Here’s one clue: the contingency plan of the government of the Western Cape in South Africa, in case something bad happens at Koeberg, the ageing nuclear reactor built just about astride a geological fault a mere 50 kilometres north of my house, involves the evacuation of the local population by minibus taxis.  That’ll work!

Are these liberties with the truth poetic license, an attempt to simplify the story so that it can be told more effectively?  I don’t buy it. For the overall artistic consequence of this moralising spin is that it causes the story to drift away from its emotional centre. This is my third, and in a way my most serious objection.  If dramatic licence was required  to impart a sense of drama to an otherwise dry or overly complicated historical record, it would be understandable. But in this case, it does not really seem warranted.  People battling frantically to contain a runaway nuclear reaction?   Soldiers and miners risking their lives to avert disaster?   Hundreds of thousands of lives shattered by sudden forced evacuation, or blighted by creeping illness?   It’s not as if this is a story that needs to be spiced up or given artificial dramatic interest. And in fact, there is a gradual leaching away of energy as the story winds on and the initial wrenching scenes of disorientation and fear give way to the battle between apparatchiks and scientists, and the trial’s schoolroom lecture about how a nuclear reactor works.

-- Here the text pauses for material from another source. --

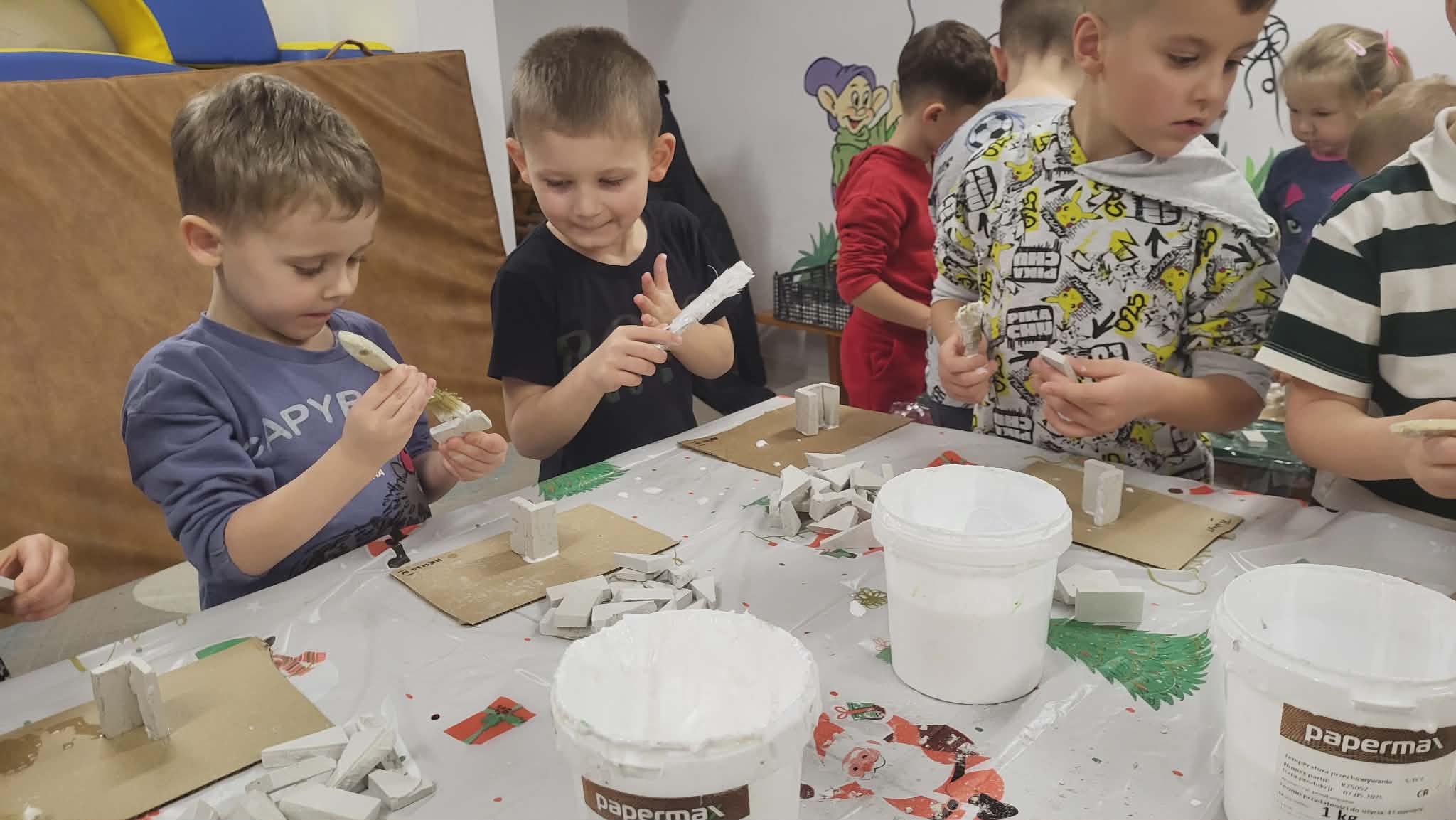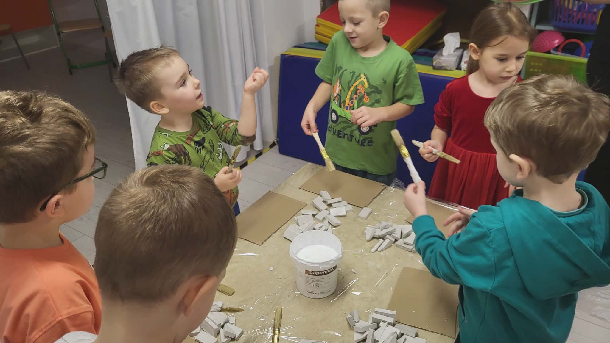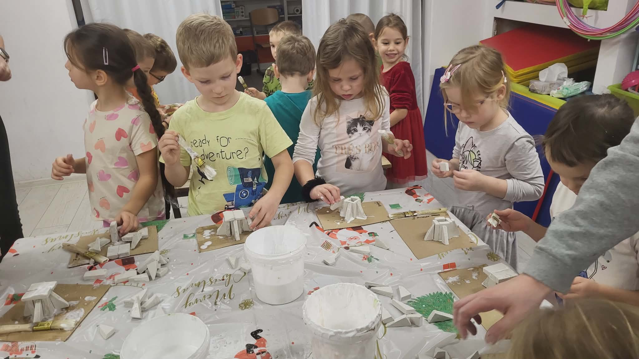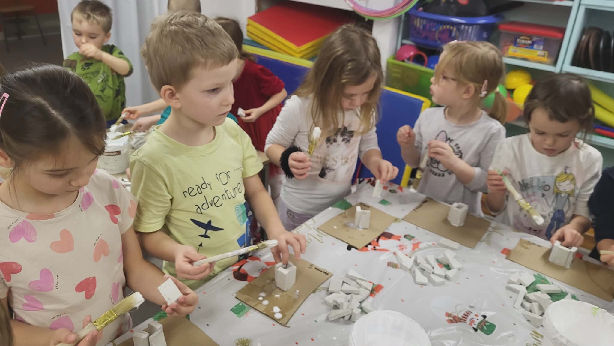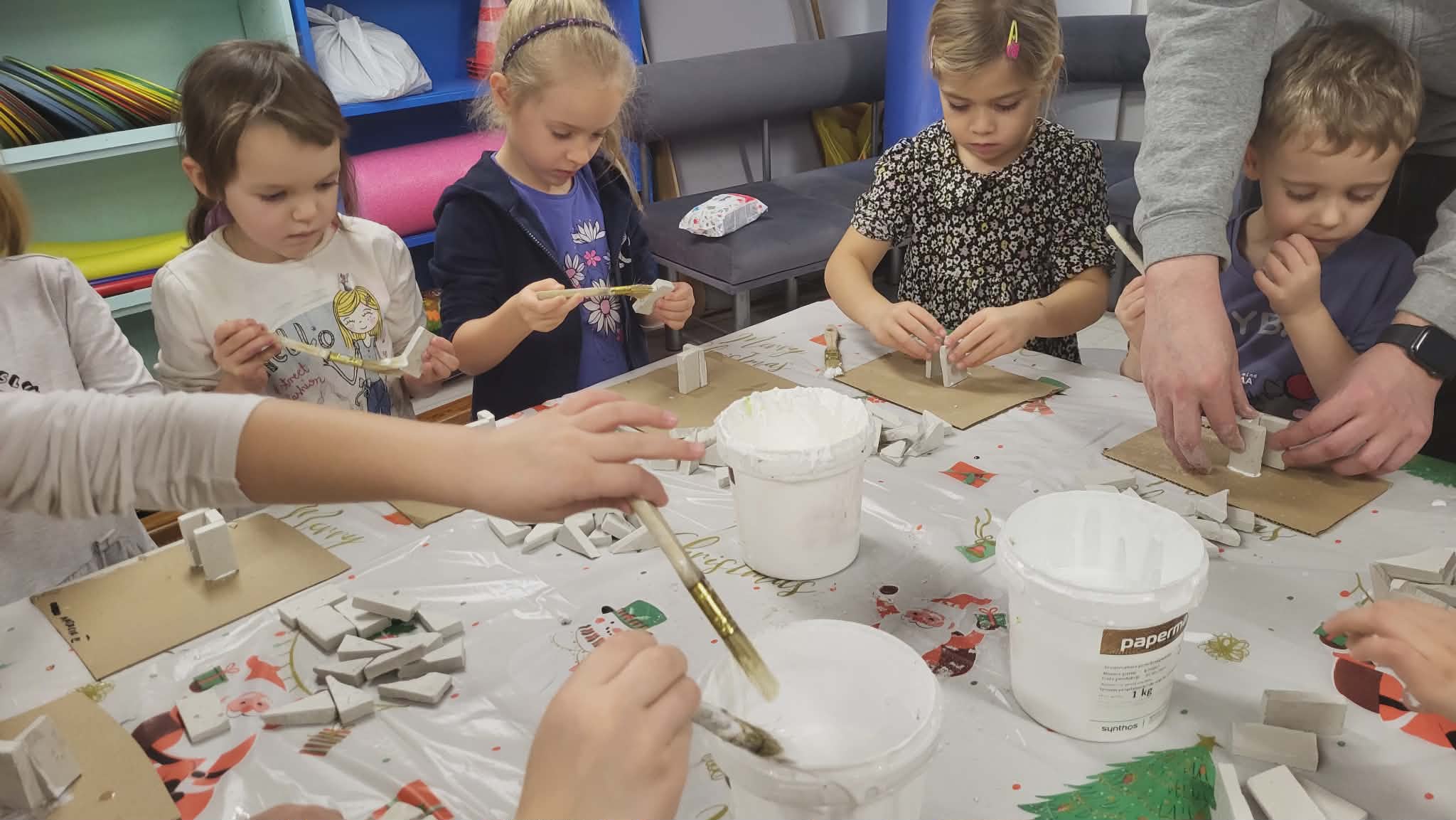 W ramach świątecznej niespodzianki dla Dzieci Rada Rodziców postanowiła sfinansować warsztaty z majsterkowania. Dzieci przygotowywały murowane choinki . Podczas zajęć zamieniły się w małych budowniczych i za pomocą prawdziwych miniaturowych cegiełek, kleju i zaprawy murarskiej stworzyły swoje dzieła.

This, for me, is the real issue with Chernobyl.  Because what’s really strange about it  is how it allows some of the most emotionally compelling and unsettling aspects of the crisis to slip through between the lines.  It is as if the meaning of what we see is right there in front of our eyes, but still remains unsayable.  For the drama and the power of the story does not come from this staged confrontation between scientific truth and bureaucratic lies.  It comes from the uncompromising and visceral way in which it conveys  the sense of  a world suddenly gone nightmarishly out of control.  The central scenes in the series were for me dreamlike: instantly recognisable though I had never been there;  refusing to be banished from memory even days after viewing.   The panic and chaos in the control room.  The fireman curled up in agony around his hand, burned by invisible rays from the graphite.  The divers endlessly plodding through the claustrophobic dark in the waterlogged basement of the reaction, listening to the chattering scream of the dosimeter.   The cleanup squads, blundering about in the rubble on the roof above the yawning maw of the reactor, racing against time.  Lyudmila Ignatenko and her husband. People thrust into a world that has suddenly and incomprehensibly become an inferno; trying heroically and sometimes futilely to deal with dangers they do not completely understand; dangers that they cannot see;  but a danger that they slowly realise they brought on themselves.  Human technology — yes, human science!  — revealed as a pandora’s box from which invisible horrors emanate, malign and unstoppable.

Think about it.

A world turned into inferno. 

Dangers we cannot see, that we do not know how to control.   

A world at risk of becoming uninhabitable because of our arrogance, our ignorance, our refusal to heed warnings.   Our foolishness.

Warnings that were all around us.

The thing about climate change,  and about the ways it will change our lives is this: we can’t blame the Soviets.  And there won’t be a  grimly decisive Boris Shcherbina to save us.  We’ll be on our own.